• _Task requirements_: Copying rule for the data below: pictures stay out, and only the lines from the one with "大分生孢子:细长、壁薄,多分隔,但临床上常见菌株产孢较少,需要仔细寻找" down to the one with "dimensions 38 x", inclusive, are repeated exactly.

[Records contained in a dataset]

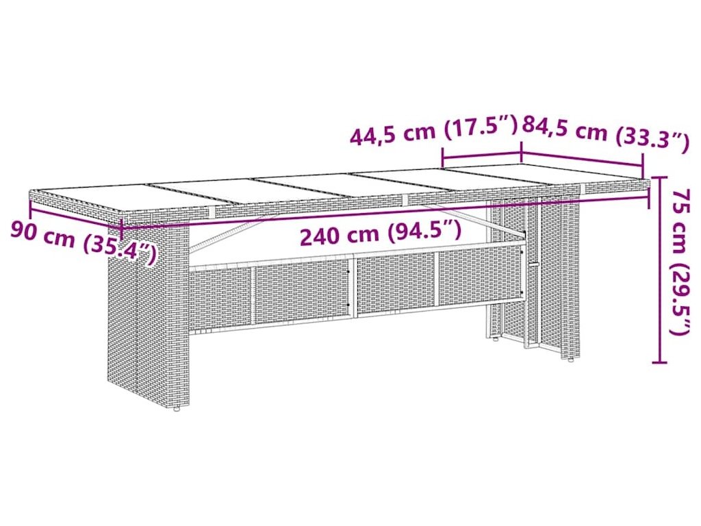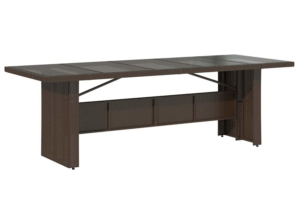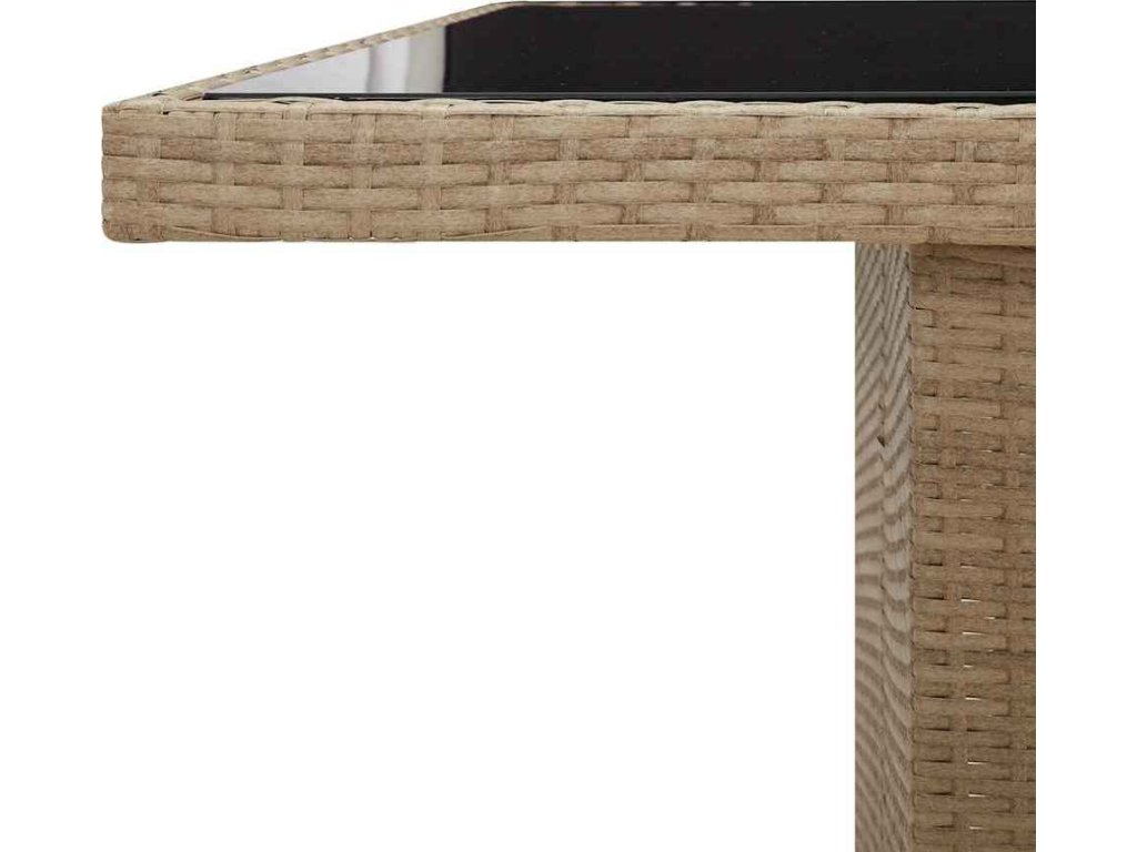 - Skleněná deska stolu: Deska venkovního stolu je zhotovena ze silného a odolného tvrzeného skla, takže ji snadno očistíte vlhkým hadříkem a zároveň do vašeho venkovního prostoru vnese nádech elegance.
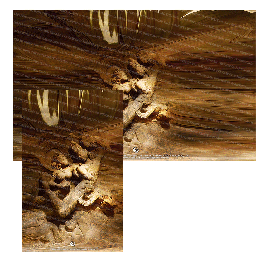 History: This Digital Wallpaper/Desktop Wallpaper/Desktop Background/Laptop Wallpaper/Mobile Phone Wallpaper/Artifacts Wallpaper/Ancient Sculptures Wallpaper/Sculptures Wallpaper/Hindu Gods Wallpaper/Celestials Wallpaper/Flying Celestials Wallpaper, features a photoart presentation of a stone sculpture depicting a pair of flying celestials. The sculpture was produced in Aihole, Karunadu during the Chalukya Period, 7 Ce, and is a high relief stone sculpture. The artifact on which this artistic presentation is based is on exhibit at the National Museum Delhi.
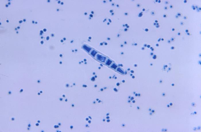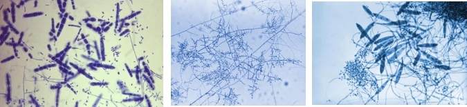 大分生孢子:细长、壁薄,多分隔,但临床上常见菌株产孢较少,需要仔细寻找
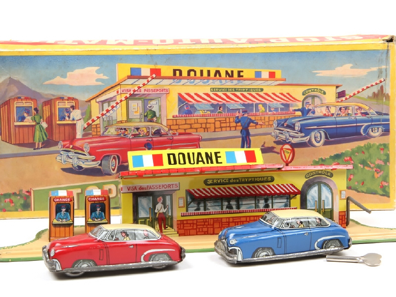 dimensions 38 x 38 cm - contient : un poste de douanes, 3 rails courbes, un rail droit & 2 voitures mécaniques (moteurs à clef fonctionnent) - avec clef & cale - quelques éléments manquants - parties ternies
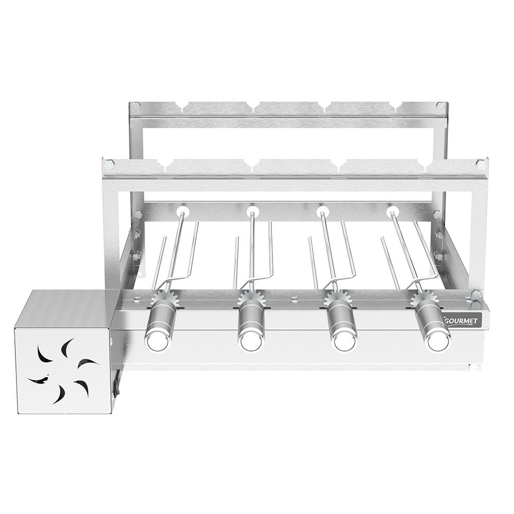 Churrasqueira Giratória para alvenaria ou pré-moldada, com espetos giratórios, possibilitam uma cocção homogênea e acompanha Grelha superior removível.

• _Expected answer_:
 大分生孢子:细长、壁薄,多分隔,但临床上常见菌株产孢较少,需要仔细寻找
 dimensions 38 x 38 cm - contient : un poste de douanes, 3 rails courbes, un rail droit & 2 voitures mécaniques (moteurs à clef fonctionnent) - avec clef & cale - quelques éléments manquants - parties ternies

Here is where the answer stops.